Each of these are linked to "outcomes" and "contributing outcomes". There are a total of 14 outcomes and 39 contributing outcomes. NCSC has published Indicators of Good Practice; IGP tables can be used to assess whether each objective has been "Achieved", "Not achieved", or "Partially achieved". Organizations are expected to self-assess, and to draw up an improvement roadmap. Competent Authorities review the assessment and the roadmap.

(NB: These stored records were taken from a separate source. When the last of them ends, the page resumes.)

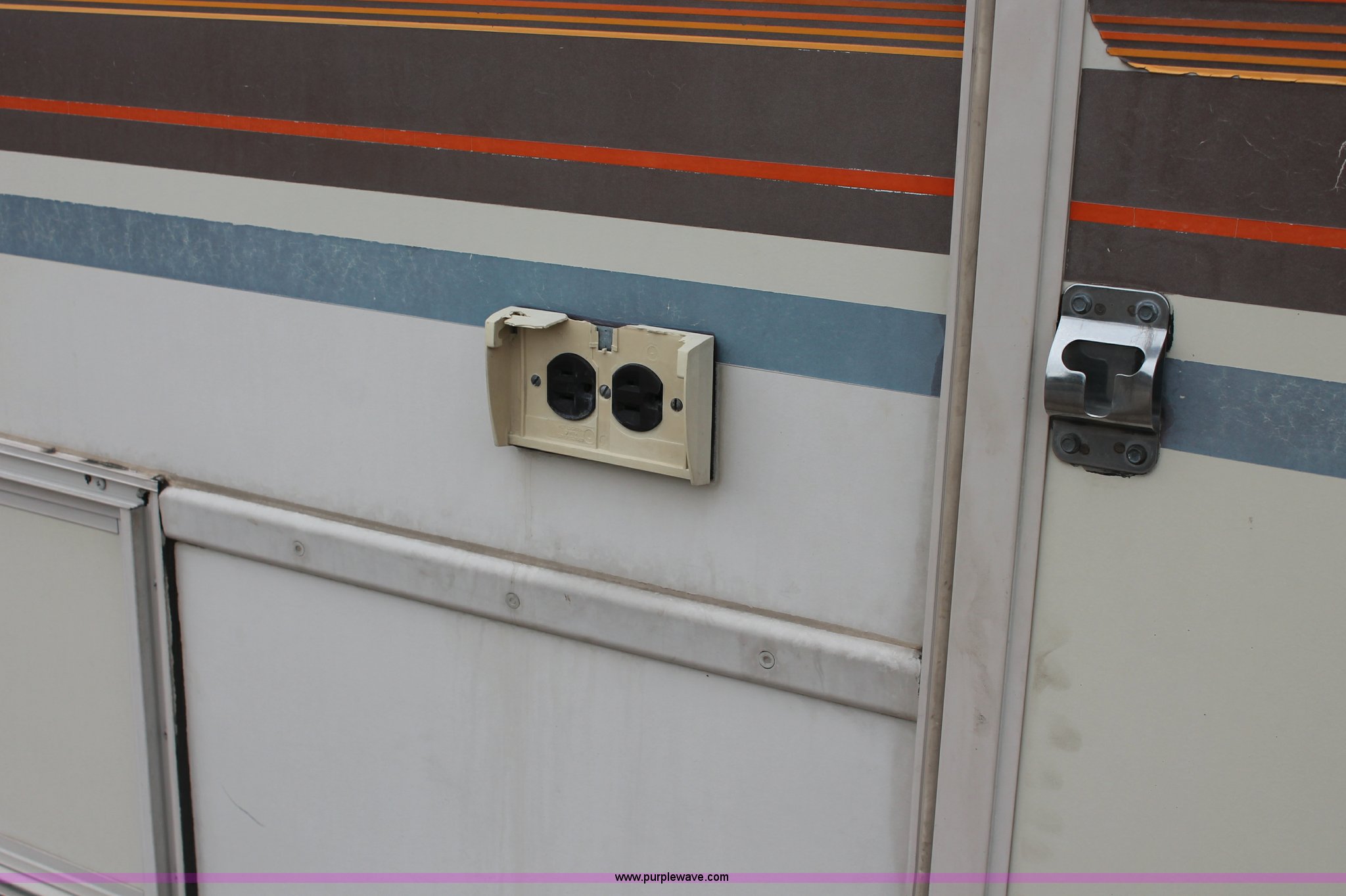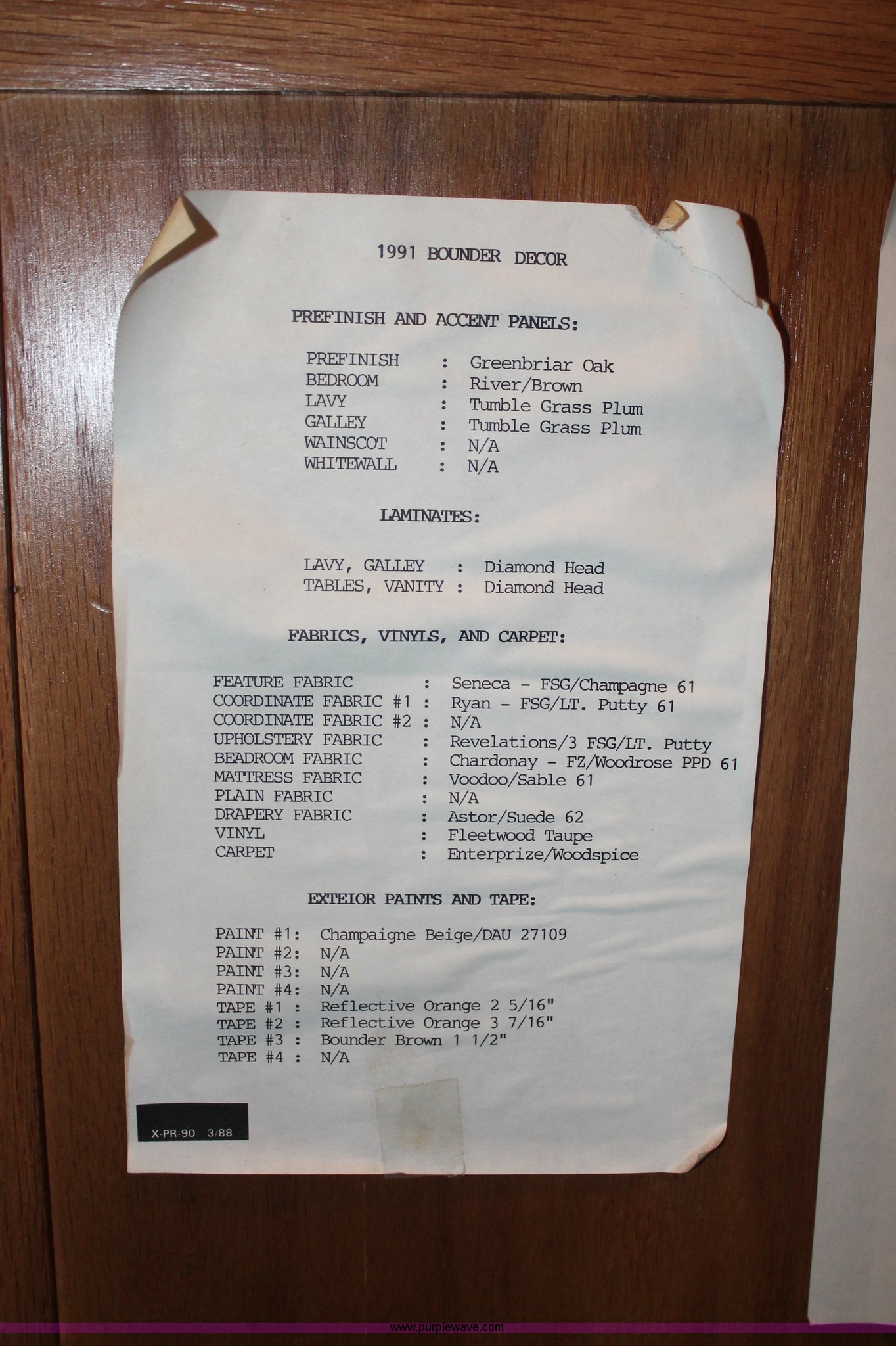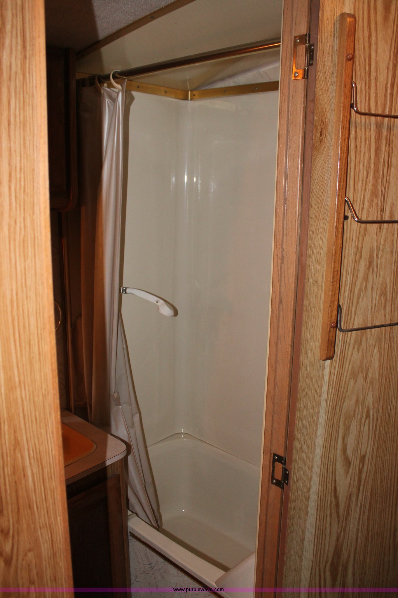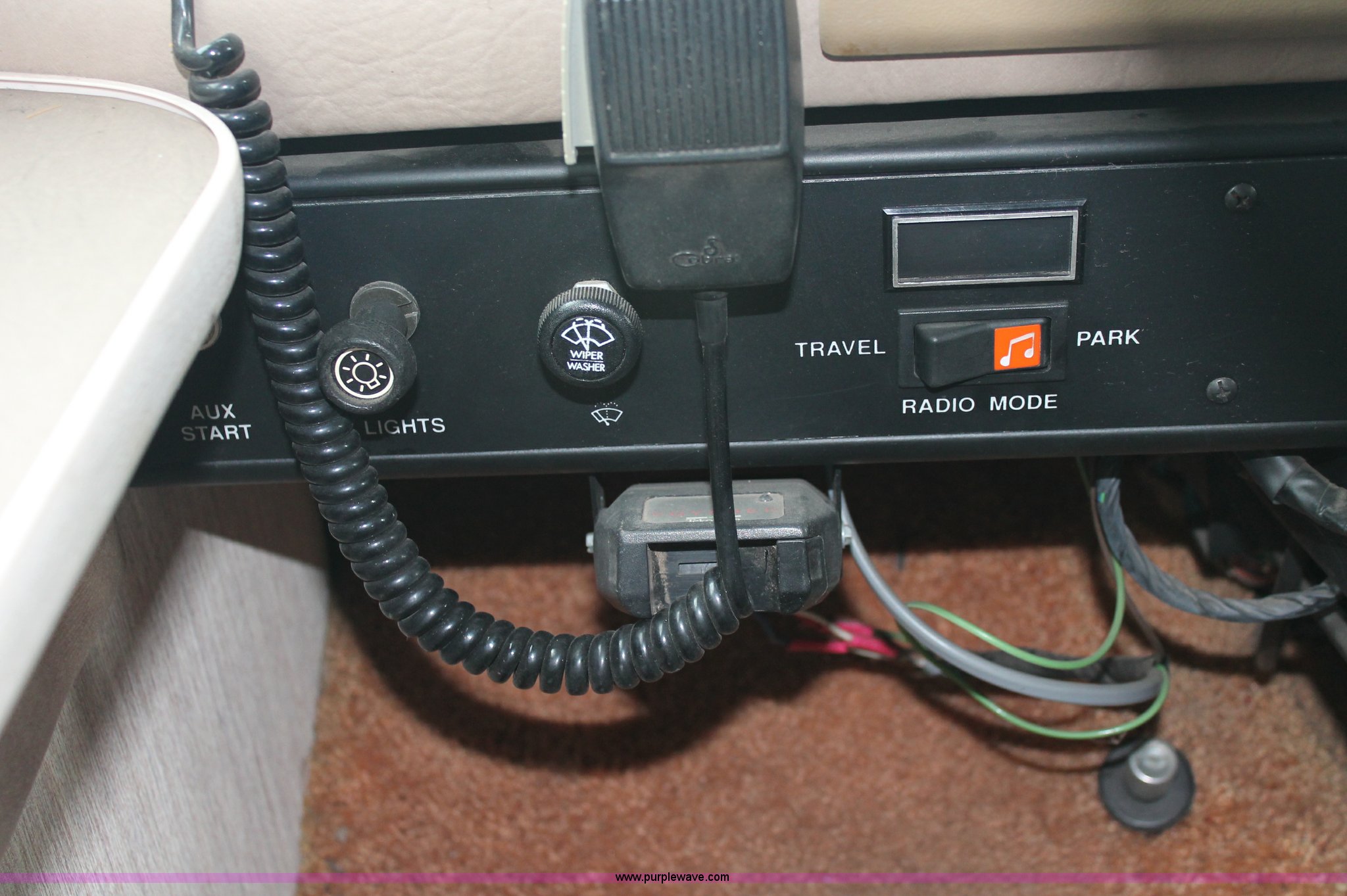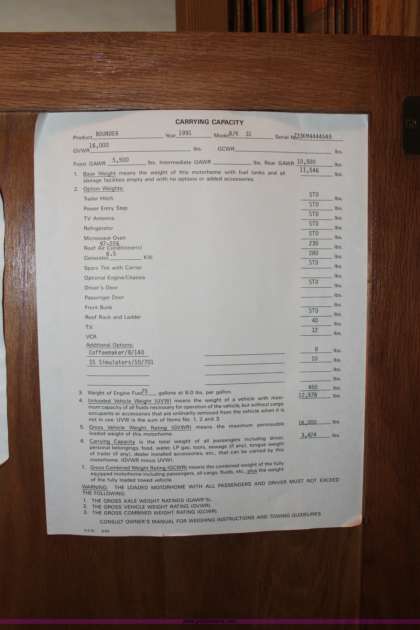 Purple Wave is selling a used RV in Kansas. This item is a 1991 Fleetwood Bounder 31' RV camper with the following: 53,594 actual miles, Chevrolet 454 V8 gas engine, Turbo 400 automatic transmission, AC and heat, Tilt, Cruise, AM/FM/CD, Manual windows and locks, Cobra 18 weatherband CB radio, Cloth interior, Six person capacity, (2) Panasonic televisions, Optimus sound system, Onan 6500 Emerald Plus GenSet, 867 hours on meter, Two basin sink, Black & Decker coffee maker, Magic Chef microwave, Magic Chef four burner range and oven, Norcold refrigerator/freezer combo, Toilet, lavatory, and shower, (2) Colman AC units, Central heat, Private master bedroom, Master shut-off switch, Oak trim, Electric entry steps, Retractable awning, Exterior storage, Receiver hitch, 2" ball, Trailer wiring, 8R19.5 tires, Recently replaced, Engine oil leak
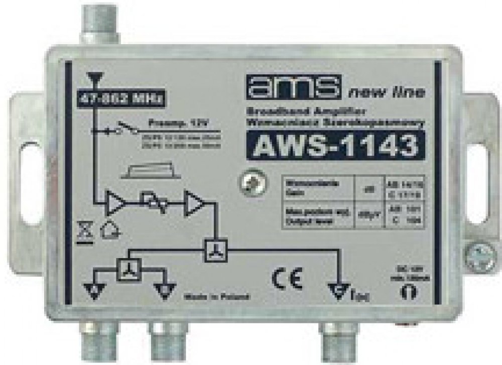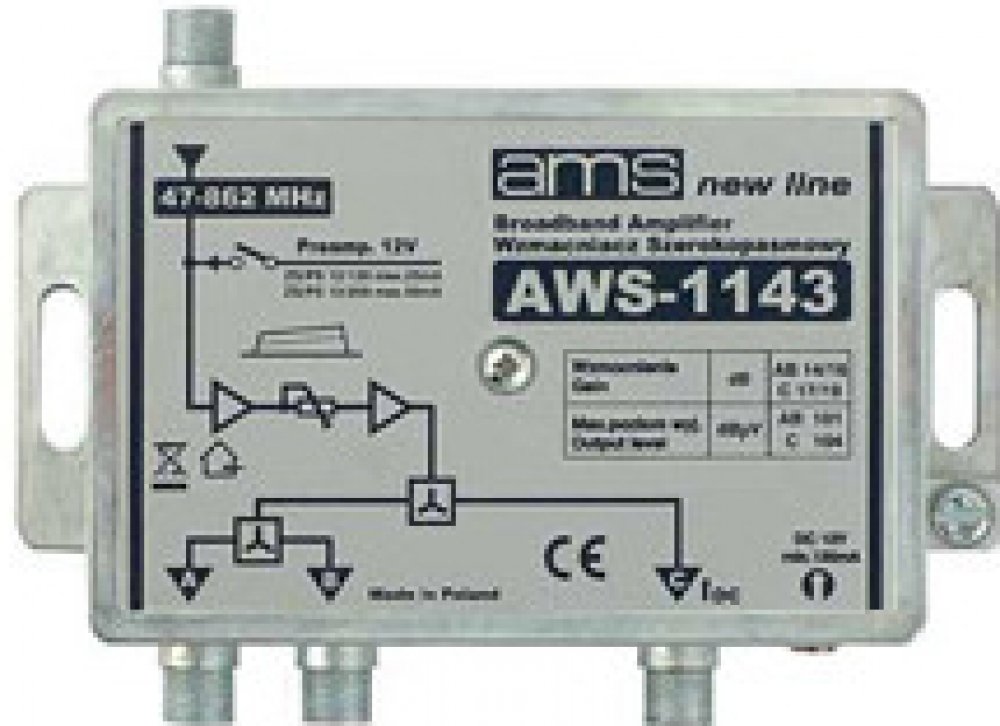 AWS-1143 se používá k distribuci televizního signálu v domácích anténních instalacích. Regulace zesílení umožňuje přizpůsobit úroveň signálu v celé instalaci.
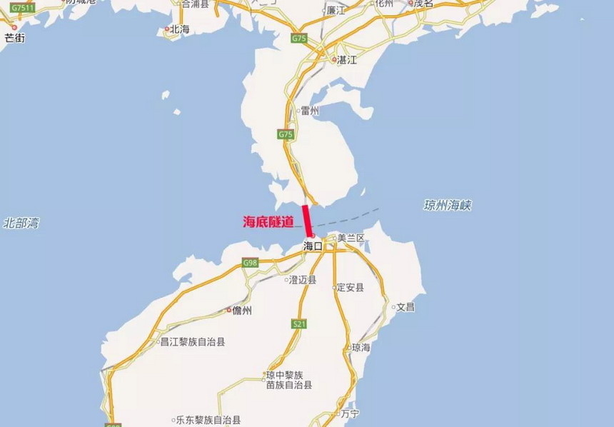 2018年7月,國家海洋局主管的《中國海洋報》刊發消息稱,瓊州海峽跨海隧道有望開建,并透露該工程已向國家發展和改革委員會申請立項。還稱:“該隧道連接雷州半島和海南島,西連北部灣、東接南海北部,是一條公路和鐵路兩用的跨海通道。隧道總投資額超過1500億元。
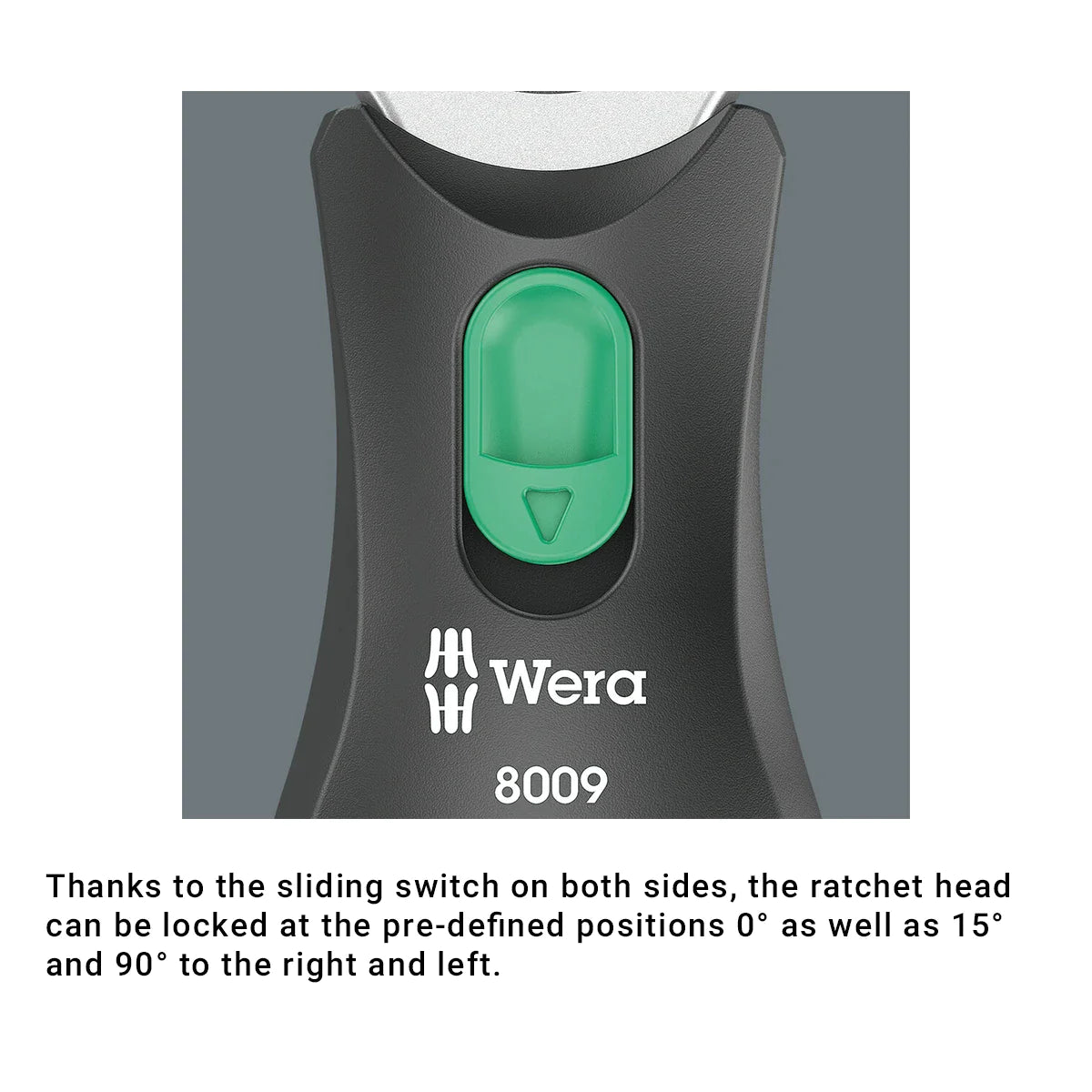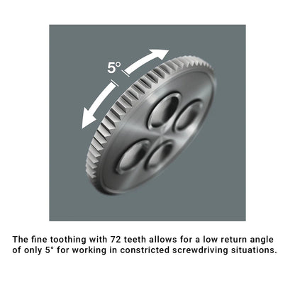 - Fine tooth reversible ratchet (72 teeth) for a low return angle of only 5°
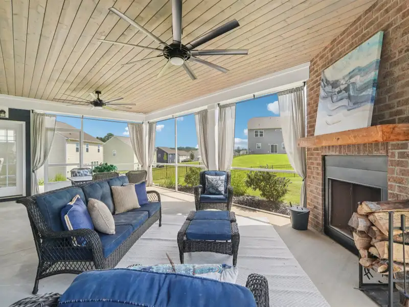 - Wood-burning fireplace on porch
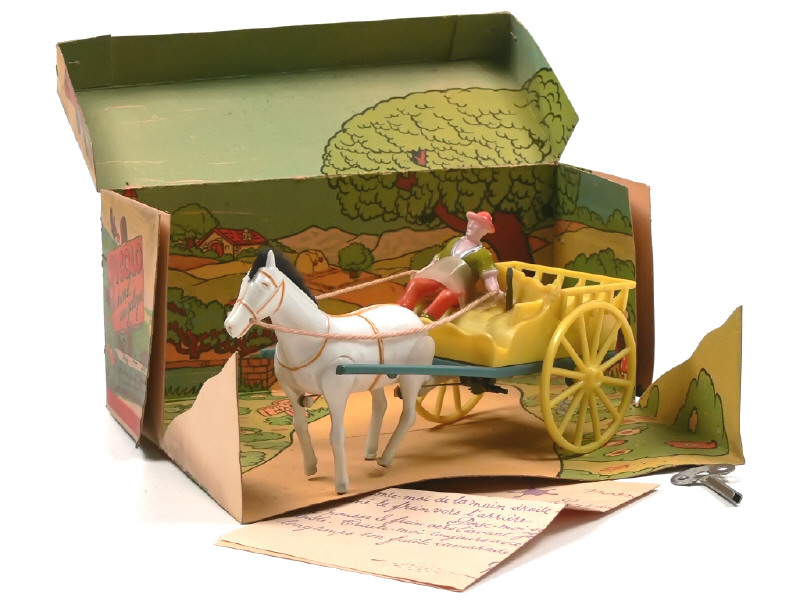 longueur 21 cm - réalisation en plastique - moteur à clef (à revoir) - en action, le cheval galope - avec clef, lettre de recommandation signée PICOLO & boîte-diorama
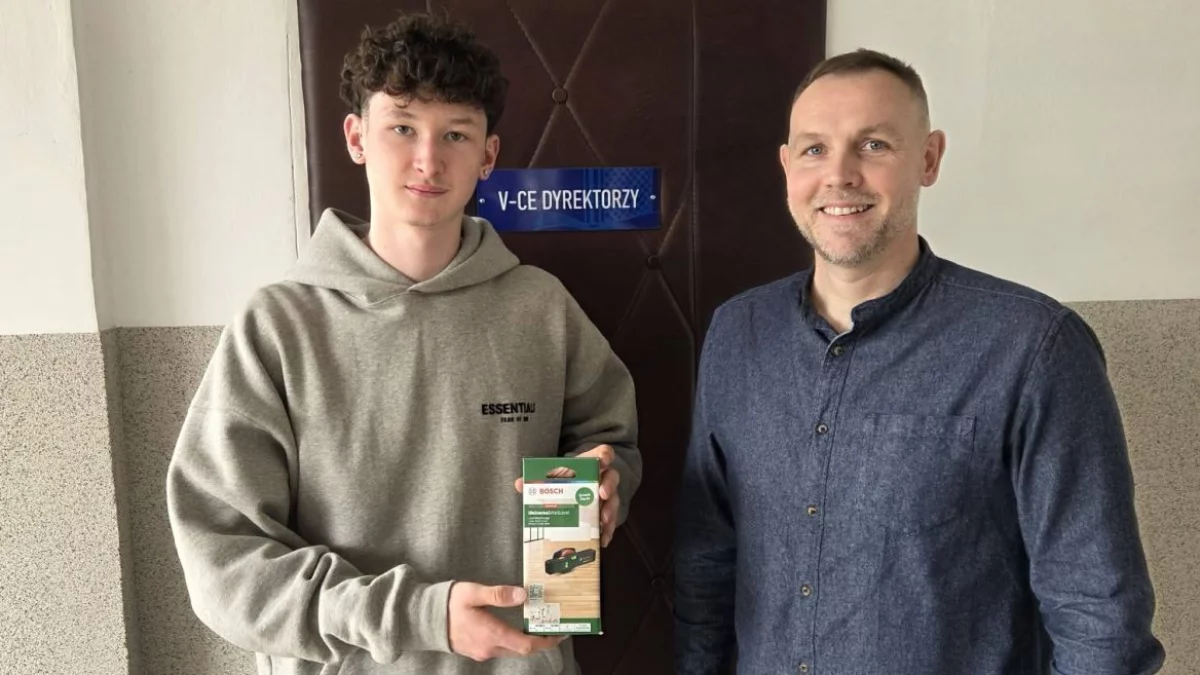 Za swoje osiągnięcie uczeń otrzymał nagrodę ufundowaną przez firmę Bosch - poziomicę laserową o wartości 205 zł. To już kolejne wyróżnienie dla młodego adepta energetyki odnawialnej, który konsekwentnie utrzymuje wysoki poziom w kolejnych sprawdzianach wiedzy.

==Contributing Outcomes & IGPs==
Contributing outcomes are linked to the assessment of each principles of the CAF, in which they have about 39 contributing outcomes in total. Each of those outcomes are indicated with an Indicator of Good Practice (IGP), which are indicators to how an organization's cybersecurity is assessed, to judge whether the contributing outcome has been "Achieved", "Partially Achieved", or "Not Achieved." This will judge whether or not the cybersecurity practices that an organization has used would be considered good or bad practice of cybersecurity. According to Vilnius Tech, the IGPs come in the form of checklists that are convenient for authority to use when reviewing the cybersecurity and cyber resilience of one's organization. Any organization under review are to create a roadmap for improvements to make as they self assess their security, in which any authority that inspect their system are to review both the assessment and the improvement roadmap.

This process is used by GovAssure to review the cybersecurity of government departments, organizations, and companies to ensure cybersecurity competence across all organizations to protect users and their services from harm.